I expect the powers that be frightened the hell out of him for that one, compelled him to change course. In terms of sycophancy to Israel, he's nowhere near the heavyweights like 'Grand Marshal of the Salute to Israel' Trump and 'we're gonna go after anti-semitic countries' DeSantis.

I was always under the impression that the aid to Israel was mostly about them not shutting down the Suez again.

Pretty sure it's Egypt that makes that decision not Israel. Aside from the occasional boat oopsie.

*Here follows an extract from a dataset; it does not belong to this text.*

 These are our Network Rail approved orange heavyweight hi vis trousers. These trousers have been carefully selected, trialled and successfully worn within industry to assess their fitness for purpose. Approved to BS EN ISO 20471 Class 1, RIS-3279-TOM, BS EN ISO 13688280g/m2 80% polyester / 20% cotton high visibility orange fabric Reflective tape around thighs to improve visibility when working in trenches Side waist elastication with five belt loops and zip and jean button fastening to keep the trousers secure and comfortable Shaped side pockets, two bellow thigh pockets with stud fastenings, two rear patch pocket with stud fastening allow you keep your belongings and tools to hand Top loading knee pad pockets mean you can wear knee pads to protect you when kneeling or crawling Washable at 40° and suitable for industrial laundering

Egypt is also the second largest recipient of military aid, and they're much larger a nation than their adversary in Israel.

Aid to Egypt increased enormously after they signed a peace treaty with Israel, as a sweetener. Likewise with Jordan IIRC. Keeping Suez open certainly had something to do with it, yet the primary factor in US ME policy seems to be whatever is most advantageous for Israel. If US just wanted to be friends with Arabs, secure Suez and secure oil, they wouldn't support Israel at all.

the primary factor

What would it take to convince you otherwise?

Obviously if we hung Israel out to dry on anything important. But since that seems pretty unlikely, is there any way you might be convinced that Israel really is the most practical ally in the region?

They’re relatively westernized. They aren’t Islamic fundamentalists, which has made Americans nervous since at least the Iranian Revolution. (Though we put up with the Saudis, so it can’t be too much of a dealbreaker…) Most importantly, they owe their security to us in a way that none of the other ME states can match.

I also wouldn’t underestimate the wedge that is Palestine, at least on the left. While my understanding is that the neoliberal, pro-Israel wing still dominates foreign policy, there’s at least some tension going on. If there’s a point where we really break with Israel, that’ll probably be it.

Practical ally? In strategic terms, there are two groups.

The Arabs/Islamic world, with population about 600 million in MENA alone. They have a lot of oil. They have a lot of useful bases. They have Suez. They have the power to create all kinds of problems for the US, by allying with US enemies like the Soviet Union, Russia and China.

Israel, population 10 million. No oil. Barely any useful bases, at least compared to the rest of MENA. They're better at fighting and high technology, yet the only people they fight are the Arabs (and usually do so with US equipment). They're hated by about a third of the world, see pic related (https://mapsontheweb.zoom-maps.com/post/693544044241076224/most-disliked-country-in-each-nation-2022).

Why on earth would any sane, unbiased strategic thinker choose to ally with Israel over the Arabs? The US wouldn't have any enemies in the Arab world if it weren't for Israel, that's by far the biggest problem with US-MENA relations.

Israel is the absolute worst ally the US could possibly have. And the alliance is the most one-sided alliance you could possibly imagine. On no occasion has Israel actually contributed troops to a US war. They soak up huge amounts of resources (consider the economic impacts of the Arab Oil Embargo caused by Arab hatred of the US-Israeli alliance), incite enormous amounts of anti-US sentiment, get free US equipment, billions of dollars in aid. They sell loads of US technology to China, they lure the US into stupid wars like Iraq with false intelligence and their political influence.